Dreaminonempty's predictions in close Presidential races were better than polling averages, Markos, or Nate Silver

And, to expand on the comparison, here's the Senate numbers (poll averages include entire month of October in some cases; see below the fold for details):

Dreaminonempty's predictions in close Senate races were better than polling averages, Markos, or Nate Silver

The average error of DRM predictions is lower for both close Senate and presidential races. Not only that, DRM predictions came closest to the actual result in 12 races, while Markos grabbed the honors in nine races, and the polling average was best three times. It looks like we can add another successful, reality-based, Daily-Kos-originated prediction model to the collection!

And the best news? It's easy to make a DRM prediction. See below the fold for simple instructions and analysis of additional races.

A simple explanation: (updated from the comments)
Polling averages often don't predict the election margin (%D-%R) correctly, even if they do predict the winner. Usually, they underestimate the Democrat's performance in Blue states, and underestimate the Republican's performance in Red states. This is likely because, as LNK put it, people tend to conform to their surroundings.

I attempted to correct for this in a very simple manner, in hopes that, on average, the new predictions would be more accurate than the polls alone. The correction involved adding a number to the polling margin in each state based on how 'red' or 'blue' it was.

In the end, the corrected polling numbers were more accurate than the polling numbers alone. The method worked.

Instructions for DRM
1. Look at polls for about the previous month (Oct. 1 onward for a final prediction). Are there more than three polls in the past 10 days? If yes, skip to Step 2. If no, average the Democratic margins (%D-%R) for all polls in the month, and go to Step 3.

2. Do you see a trend in the polls over the past month? If you see a trend, average the Democratic margins (%D-%R) for the polls for the previous 10 days only. Otherwise, average the Democratic margins (%D-%R) for all polls in the month.

3. Find your state on this table. Add the DRM factor you see to your polling average for the margin estimate.

4. Check for red flags. If there are only one or two polls total, or a third party candidate is drawing more than 5 percent of the vote, the estimate could be off by a substantial amount. Also, states with a federal/local party mismatch, like West Virginia, could run into trouble.

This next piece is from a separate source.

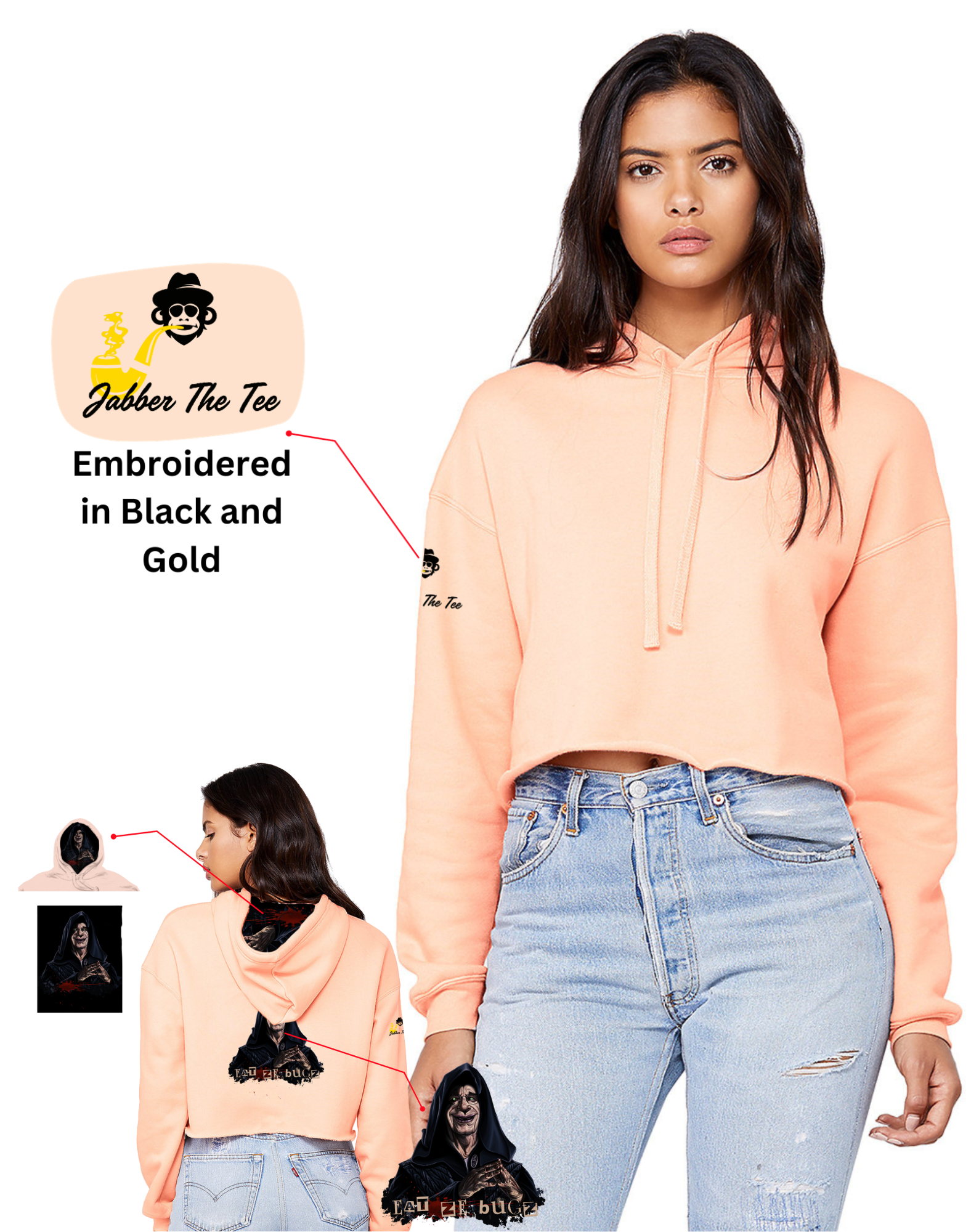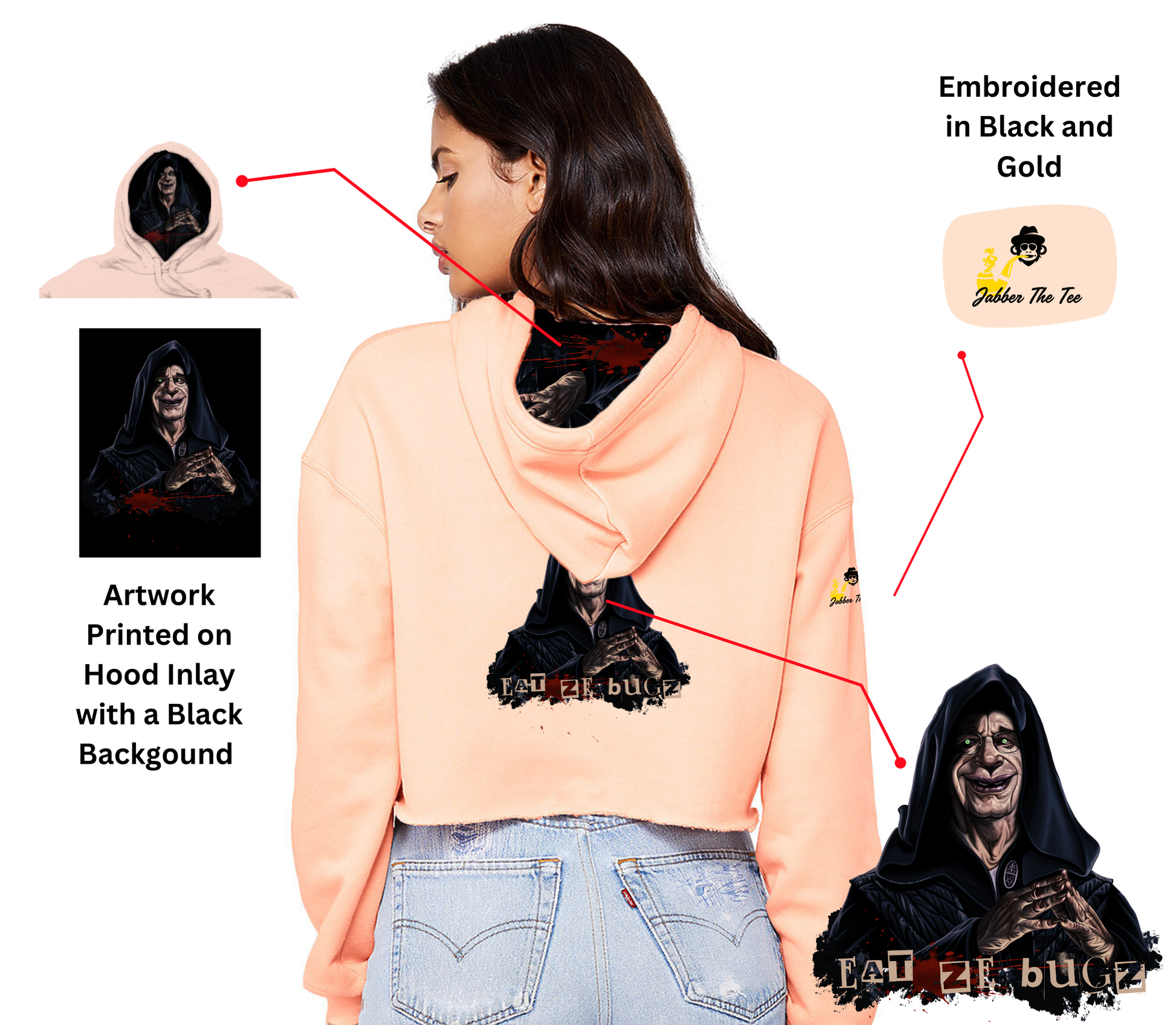 The artwork features a well-known Darth Veda character who has diabolical plans for everyone that he wants realized by 2030. The inlay of the hoodie has a variation of the same artwork with a peach background on the Black and Grey options and A Black background on the Peach and Pink. But thats not all, this piece also features a Gold and Silver embroidered Jabber logo on the right sleeve of the Black and Dark Grey options and Black and Gold Logo on the Peach and Pink Options. The hoodie itself has a raw lower cut, drop shoulders, and dyed-to-match drawstring.

Example: In my first post on this subject, I used Elizabeth Warren's Senate race in Massachusetts as an example, so let's return to that race.

The polls for this race from Oct. 1 onward are pretty steady. There are 17 polls, with an average margin of +3.8 points in Warren's favor.

The state table shows Massachusetts with a DRM factor of +4.1 points, yielding a estimated margin of 7.9 points in Warren's favor. The actual result was Warren +7.4 points.

How does the DRM work?
The basic idea is that in red states, Republicans do a little better than the polls say they will, while in blue states, Democrats tend to do a little better than the polls say they will. You can see the relationship here:

Polling errors are a function of Obama's 2008 performance

The regression line is used to generate the DRM factors in the linked table. This regression will be updated after 2012 results are finalized.

How well does this method work?
In my final pre-election post, I said I would consider the model a success if the average error is lower for the predictions than for polling averages alone. As shown above, the DRM model was indeed successful by this measure in close presidential and Senate races. What about the rest?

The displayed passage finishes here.